(Dia de St. Brigid)
Saint Brigid of Ireland (Bridget, Bridgit, Brigit, Bride) (451- 525) was born at Faughart near Dundalk, County Louth, Ireland. Legend states that her parents were Dubhthach, pagan king of Leinster, and Brocca, a Christian Pictish slave who had been baptized by Saint Patrick.
According to this legend, which suffers inconsistencies common to such legends, Brigid was named after one of the most powerful goddesses of the Pagan religion that Dubhthach practiced. Brigid was the goddess of fire, whose manifestations were song and poetry, which the Irish considered the flame of knowledge. Brigid supposedly became a virgin in service to the Goddess Brigid and eventually ascended to high priestess at the Kil Dara (the temple of the oak), a pagan sanctuary built from the wood of a tree sacred to the Druids. In 468, she followed St. Mel of Armagh to Meath and converted to Christianity.
Another version of her life states that upon reaching maturity, she vexed her father by being overly generous to the poor and needy with his milk, butter, and flour. Finally, she gave away his jewel-encrusted sword to a leper. At this point, it was decided that her disposition was best suited for a nun and she was sent to a convent. The legend does not preserve when or how her hitherto pagan father became amenable to such acts. Other tales likewise exist, and the only agreement between the various stories is that a girl was born to an Irish king named Dubhtach and that her name was Brigid.

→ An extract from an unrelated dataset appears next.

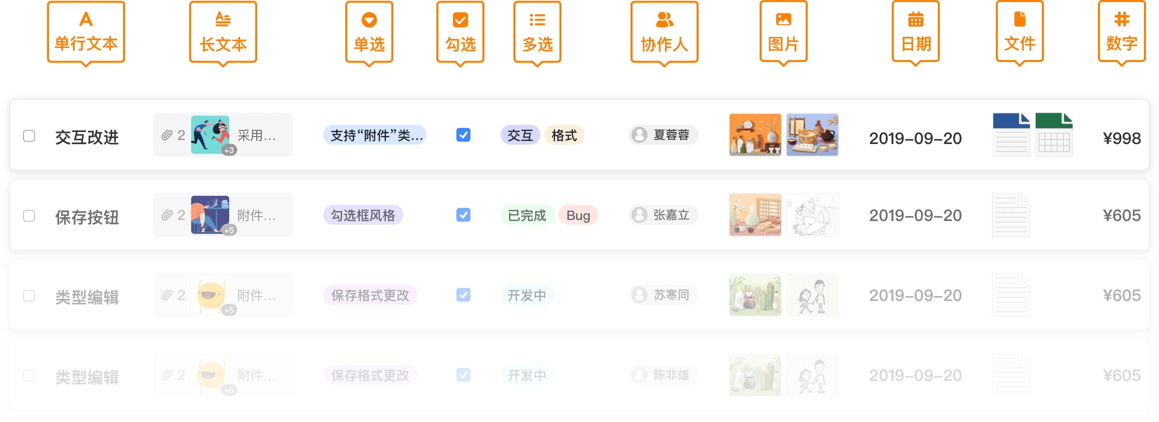 除了支持文本、数字、日期这样的基本类型,还支持单选、多选、勾选、长文本、图片、文件、协作人、创建者、创建时间、链接其他记录、公式等数据类型。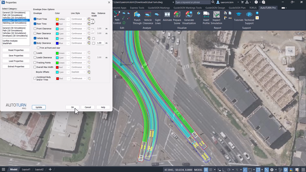 The recent update introduces dual turn lane assessment, developed by Main Roads Western Australia, to optimize lane composition. By analysing turning vehicle volume, heavy vehicle percentage, and their lane distribution, designers can determine which lane should accommodate a design heavy vehicle and whether the adjacent lane should serve a single-unit truck or passenger car, improving safety and efficiency.Figure 2. Dual turn lanes demonstrated in AutoTURN Pro

Around 470 she founded a Christian double monastery (nuns and monks) at Kildare (Cill-Dara) by either converting the pagan sanctuary or by building on unused ground there, depending upon the particular story consulted. She went on to found a school of art at the monastery where the Book of Kildare, a famous illuminated manuscript, was created. She died at Kildare on February 1 and is buried at Downpatrick with St. Columcille and St. Patrick, with whom she is co-patron of Ireland. Similar to the association between St. Patrick and the shamrock, a tiny cross made of rushes was linked with St. Brigid.